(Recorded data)
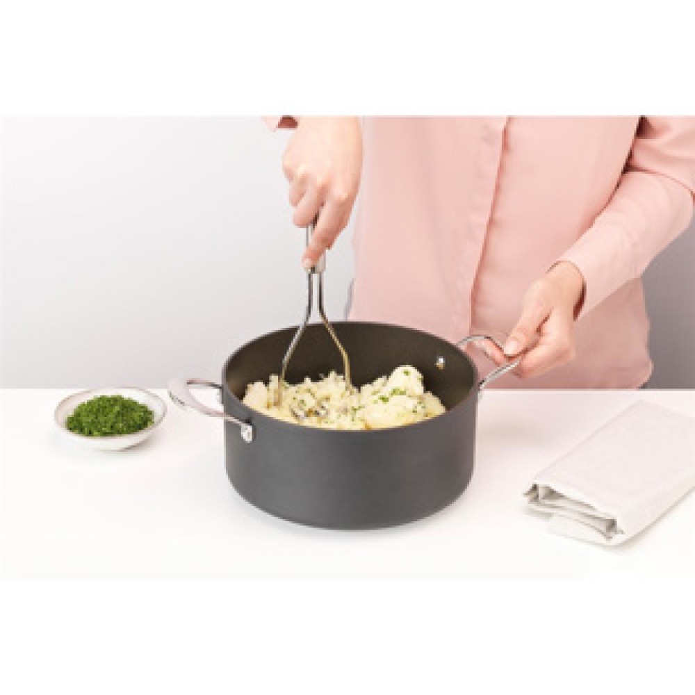 De Brabantia Profile pureestamper is het perfecte hulpmiddel voor in jouw keuken. Met deze stijlvolle, zilveren stampers maak je eenvoudig de lekkerste puree van aardappelen en groenten. Door het ergonomische ontwerp houd je de pureestamper comfortabel vast, zelfs bij langdurig gebruik.
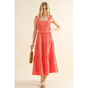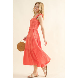 The Smocked Ruffled Tiered Dress is a charming and feminine piece that exudes effortless style. The smocked bodice provides a comfortable and flattering fit, while the ruffled tiers add a playful and flirty touch to the design. This dress is perfect for a sunny day out or a casual event. The flowy silhouette and lightweight fabric make it a comfortable and breezy option for warm weather. Pair it with sandals and a sunhat for a relaxed and chic look. Elevate your summer wardrobe with the delightful charm of the Smocked Ruffled Tiered Dress.
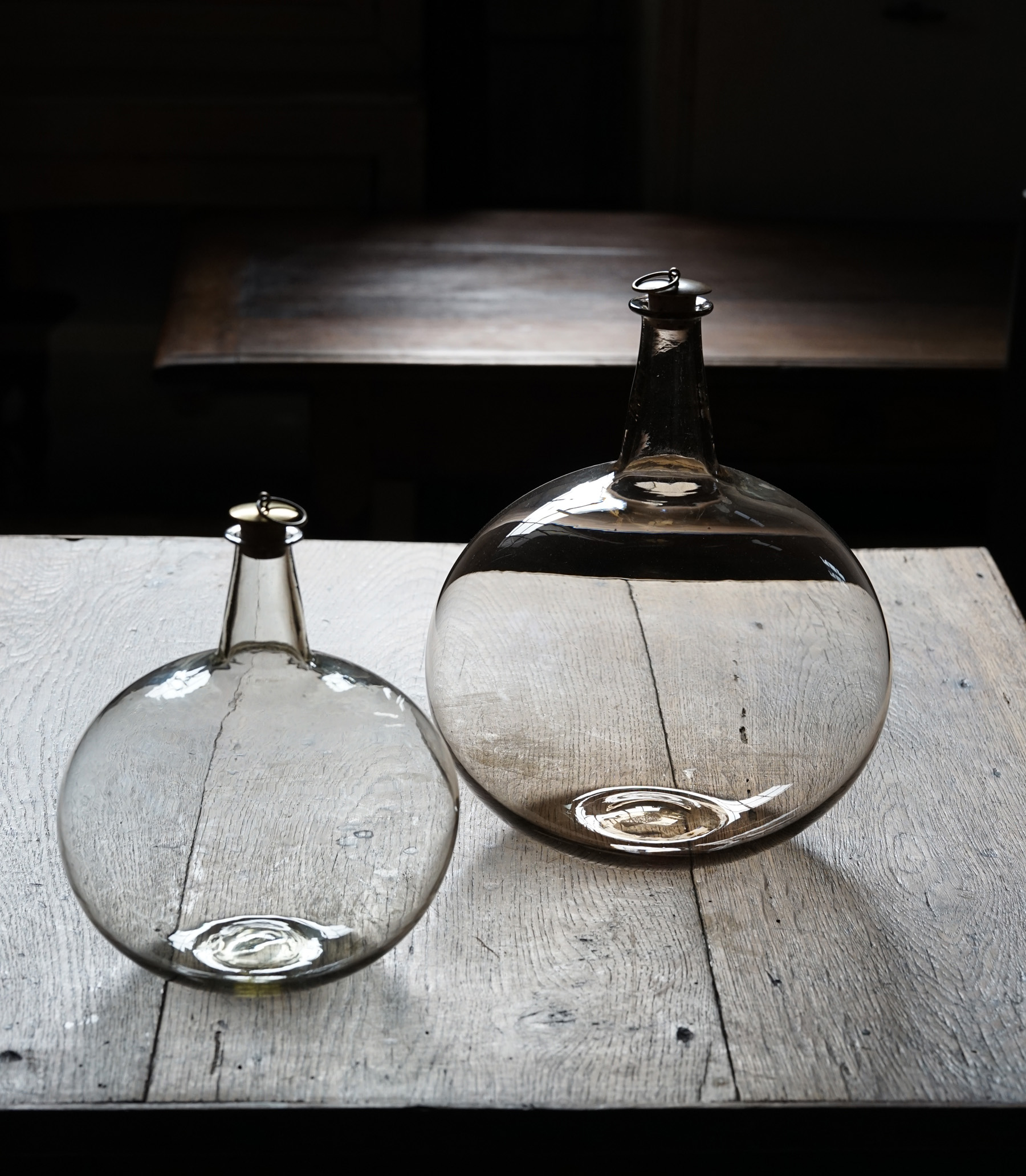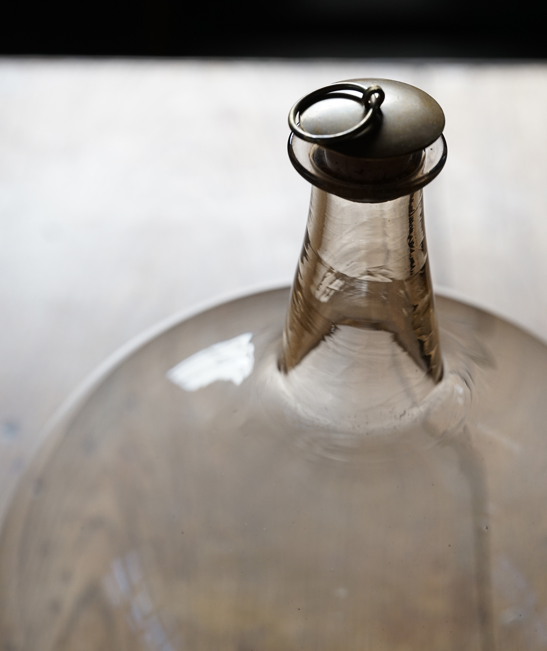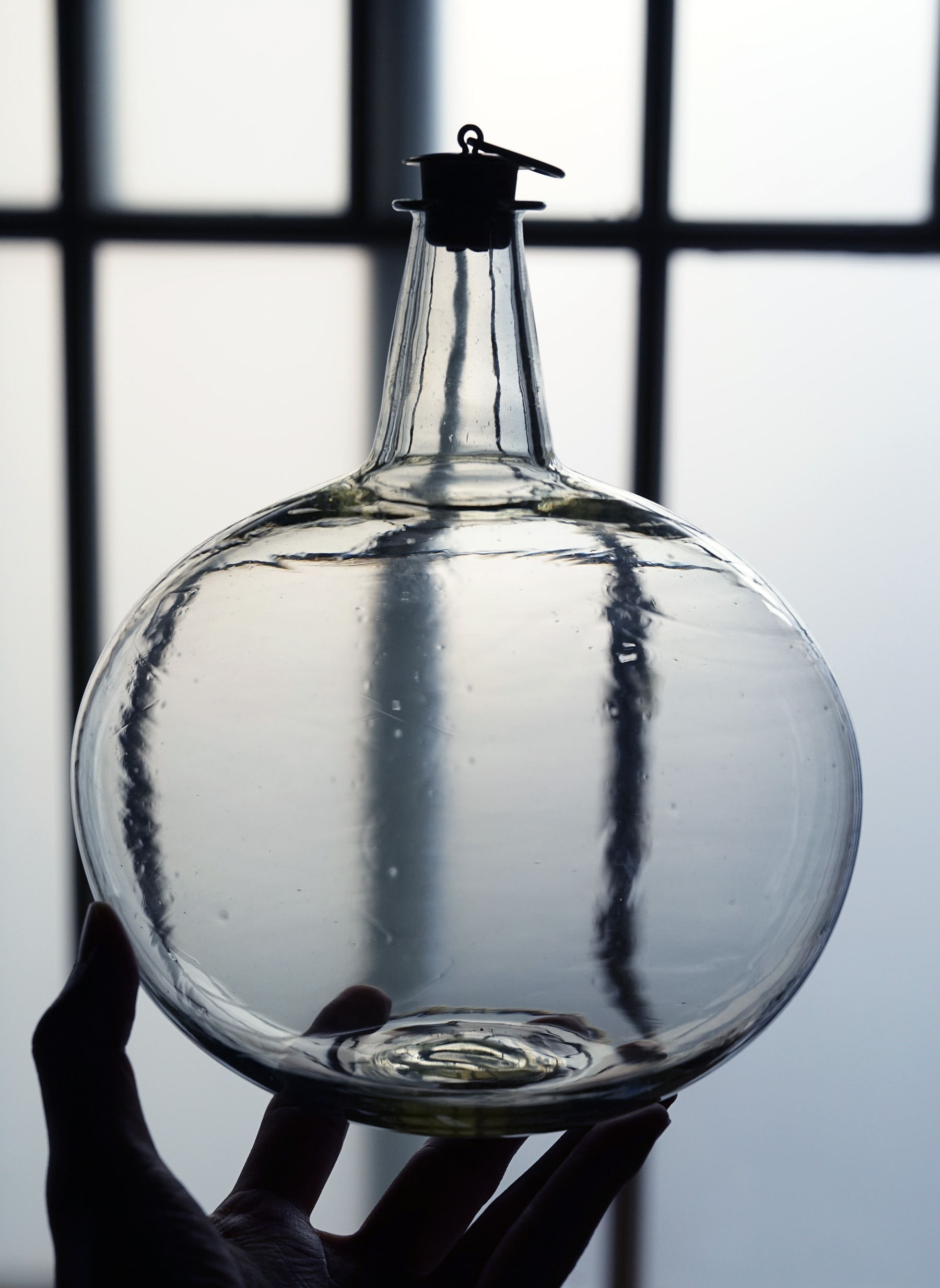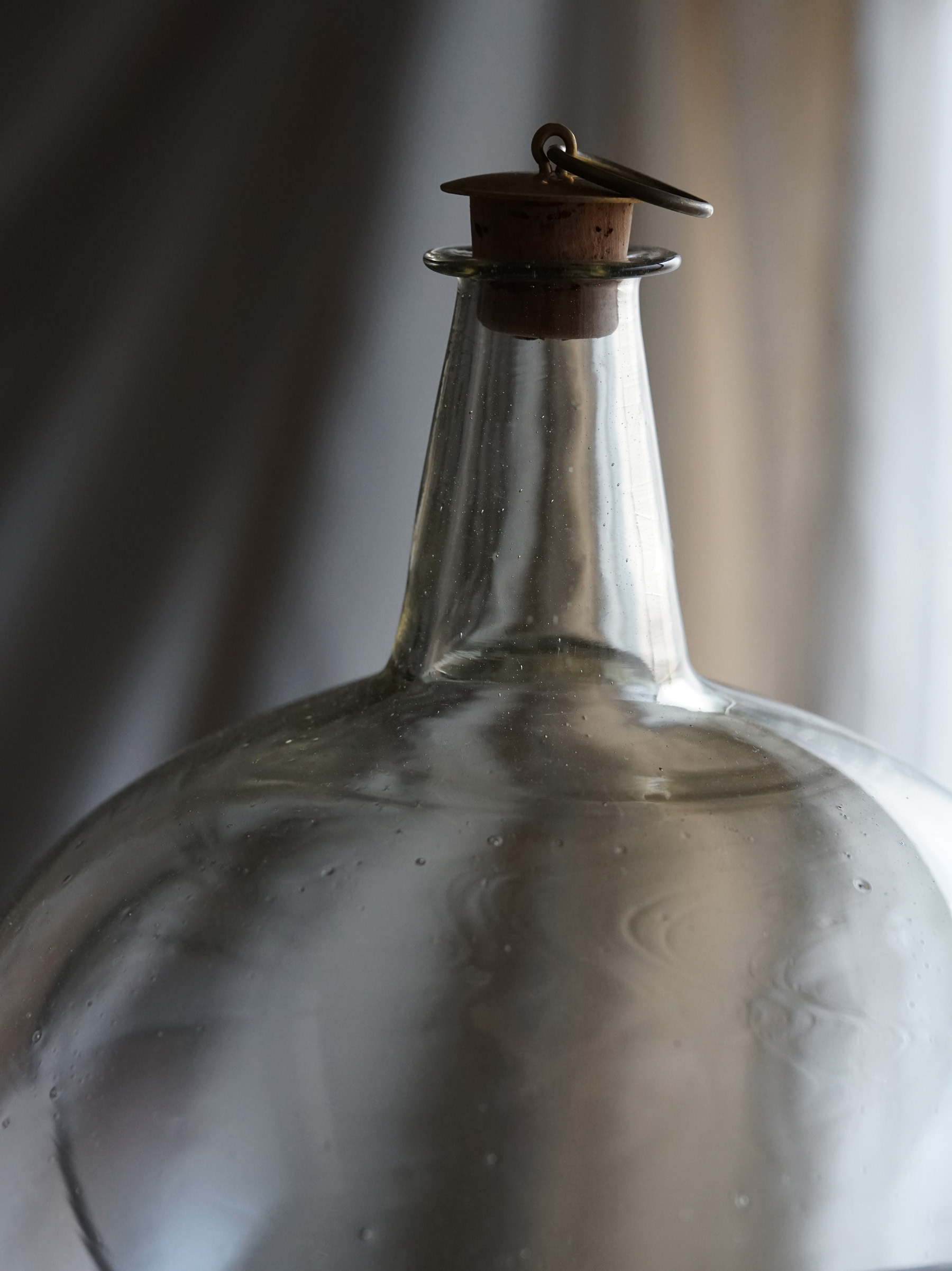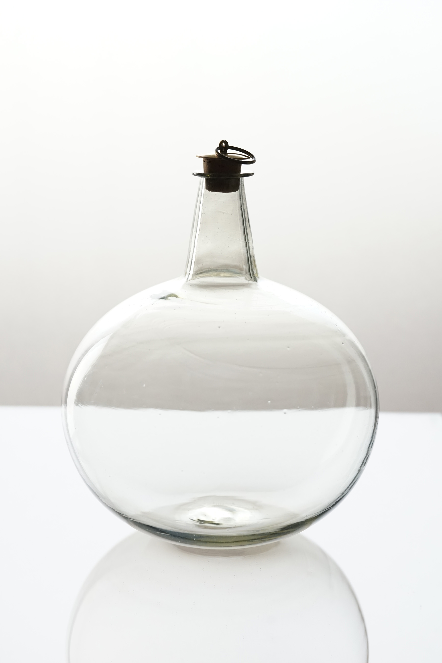 手吹きのニュアンスが美しい丸型酒瓶。 ただ置いておくだけでも美しい佇まい。
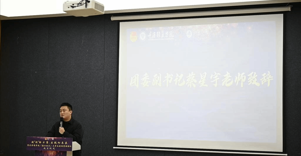 惟有深入了解,方能披荆斩棘。本次仪式的第一项,便是校团委彭江宇老师对綦江校区大学生剧场管理团队徽标和工作进行详细的解读。
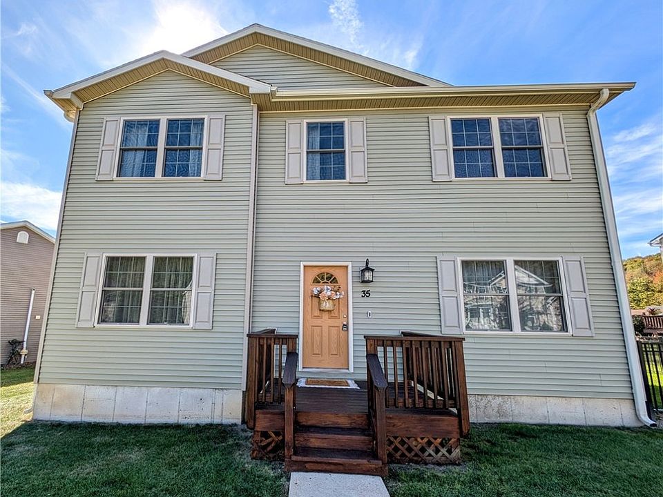 Welcome to 35 Schoolhouse Lane, a beautifully maintained newer home located in Oneonta’s highly desirable West End. Known for its friendly neighborhood feel and unbeatable convenience, the West End places you within walking distance of Greater Plains Elementary School, the town pool, tennis courts, shopping, dining, and entertainment. Designed for modern living, the home features an inviting open-concept first floor that seamlessly blends the kitchen, dining, and living areas, perfect for both everyday living and entertaining. This spacious residence offers four bedrooms, three full baths, and two half-baths, including two primary suites; one on the main floor and one upstairs. Each suite features a private bath with stand-up shower, while the upstairs suite adds a luxurious soaking tub and a massive walk-in closet. Many rooms have been refreshed with new carpet, adding warmth and comfort throughout. The interior is filled with natural light and showcases generously sized rooms, a cozy gas fireplace, and elegant hickory cabinetry throughout. The fully finished basement expands your living space with a gourmet kitchen boasting high-end cabinetry, quartz countertops, and stainless steel appliances. This level also includes a half bath and an expansive living area perfect for a media room, game room, or home office. Modern updates include a brand-new high-efficiency Rinnai boiler and central air conditioning, ensuring year-round comfort and energy efficiency. Outdoors, enjoy a partially fenced yard, a beautiful patio ideal for gatherings, and a handy shed for storage of lawn equipment, outdoor furniture, or seasonal items. The paved driveway was freshly resealed this summer, adding to the home’s curb appeal. Combining newer construction efficiency, thoughtful design, fresh updates, and the unmatched lifestyle of Oneonta’s West End, this property is an exceptional opportunity in today’s market.

> [TASK DETAILS]: Pictures do not belong in the copy. Repeat only the lines from the top of the records through the line containing "惟有深入了解,方能披荆斩棘。".

> [SOLUTION TO THIS EXERCISE]:
 De Brabantia Profile pureestamper is het perfecte hulpmiddel voor in jouw keuken. Met deze stijlvolle, zilveren stampers maak je eenvoudig de lekkerste puree van aardappelen en groenten. Door het ergonomische ontwerp houd je de pureestamper comfortabel vast, zelfs bij langdurig gebruik.
 The Smocked Ruffled Tiered Dress is a charming and feminine piece that exudes effortless style. The smocked bodice provides a comfortable and flattering fit, while the ruffled tiers add a playful and flirty touch to the design. This dress is perfect for a sunny day out or a casual event. The flowy silhouette and lightweight fabric make it a comfortable and breezy option for warm weather. Pair it with sandals and a sunhat for a relaxed and chic look. Elevate your summer wardrobe with the delightful charm of the Smocked Ruffled Tiered Dress.
 手吹きのニュアンスが美しい丸型酒瓶。 ただ置いておくだけでも美しい佇まい。
 惟有深入了解,方能披荆斩棘。本次仪式的第一项,便是校团委彭江宇老师对綦江校区大学生剧场管理团队徽标和工作进行详细的解读。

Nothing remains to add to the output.